Incident response plan templates help shorten the process of creating an incident response plan while ensuring best practices are baked in. In this article, we’ll walk you through the best free templates available today and explain how automation can help speed the incident response process.

What Is an Incident Response Plan Template?

An incident response plan template is a pre-structured format you can use to create your organization’s incident response plan. An incident response plan helps organizations respond effectively when a security incident occurs. It is a detailed document outlining the necessary steps to take before, during, and after an incident to mitigate damage and recover swiftly.

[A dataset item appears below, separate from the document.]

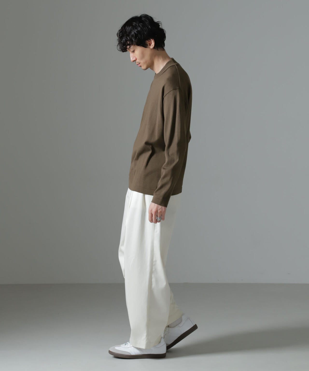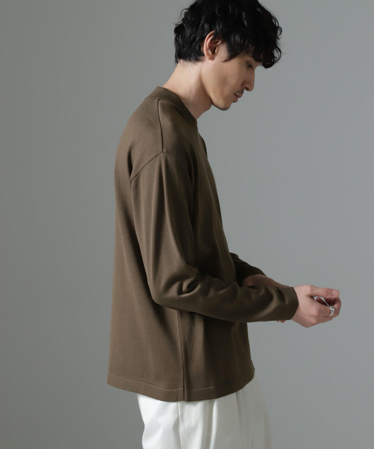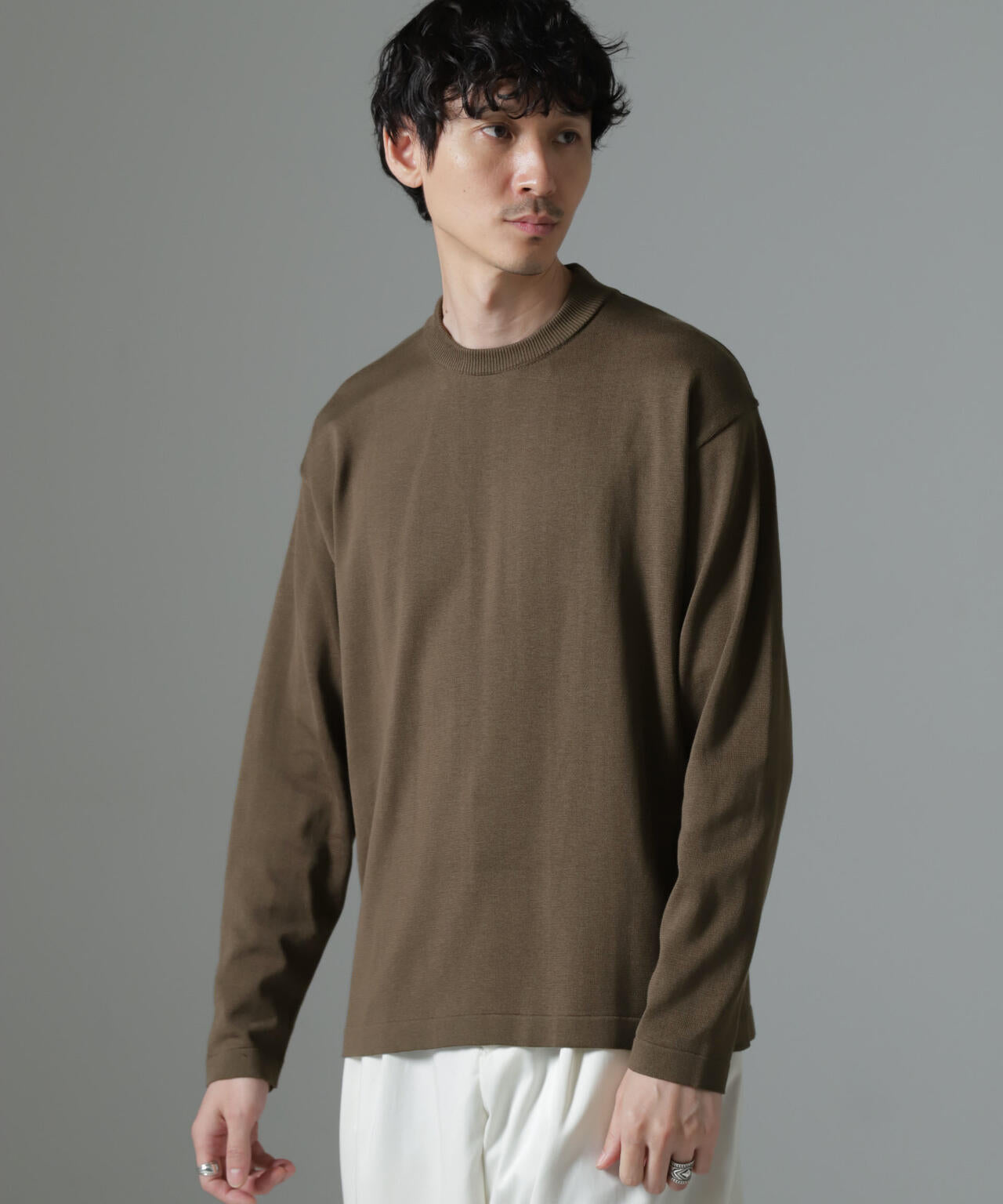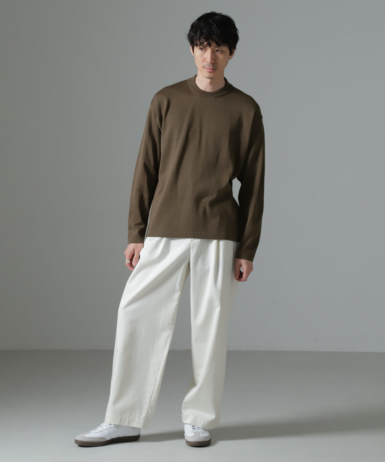・着まわしやすいアイボリー・グレー・ブラウンの3色展開

An incident response plan provides a systematic approach to managing the aftermath of a security breach or cyber attack. It aims to handle the situation in a way that limits damage and reduces recovery time and costs. An incident response plan template makes it easier to create a template by providing a framework that allows you to learn from the experience of other organizations or security professionals.

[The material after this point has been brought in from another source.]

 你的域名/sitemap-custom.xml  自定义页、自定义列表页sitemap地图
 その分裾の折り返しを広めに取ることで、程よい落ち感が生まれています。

By taking an existing incident response template and adapting it to the unique needs and circumstances of any organization, you can quickly create an effective incident response plan.

Components of an Incident Response Plan Template

Here are the key components typically included in an incident response plan template:

  • Purpose and scope: This section defines why the plan is in place and the extent of its coverage. This can include preventing incidents, minimizing their impact, and recovering. The scope defines the types of incidents that the plan covers, the systems and data included, and the personnel who are part of the plan.
  • Threat scenarios: This section identifies and describes the potential incidents that may affect the organization. Threat scenarios can include:
    – Ransomware attacks
    – Insider data theft
    – Cloud configuration breaches
    – Third-party vendor compromise
    – Account takeover
    – Natural disaster causing server outage
  • Roles and responsibilities: This section outlines the stakeholders involved in the incident response process and their specific duties. These can include incident response team members, IT staff, management, and external entities.
  • Incident response process: This section provides a step-by-step guide on how to respond to an incident, from detection and identification to containment for limiting the damage, eradication for removing the root cause, recovery for restoring normal operations, and post-incident review for future improvement.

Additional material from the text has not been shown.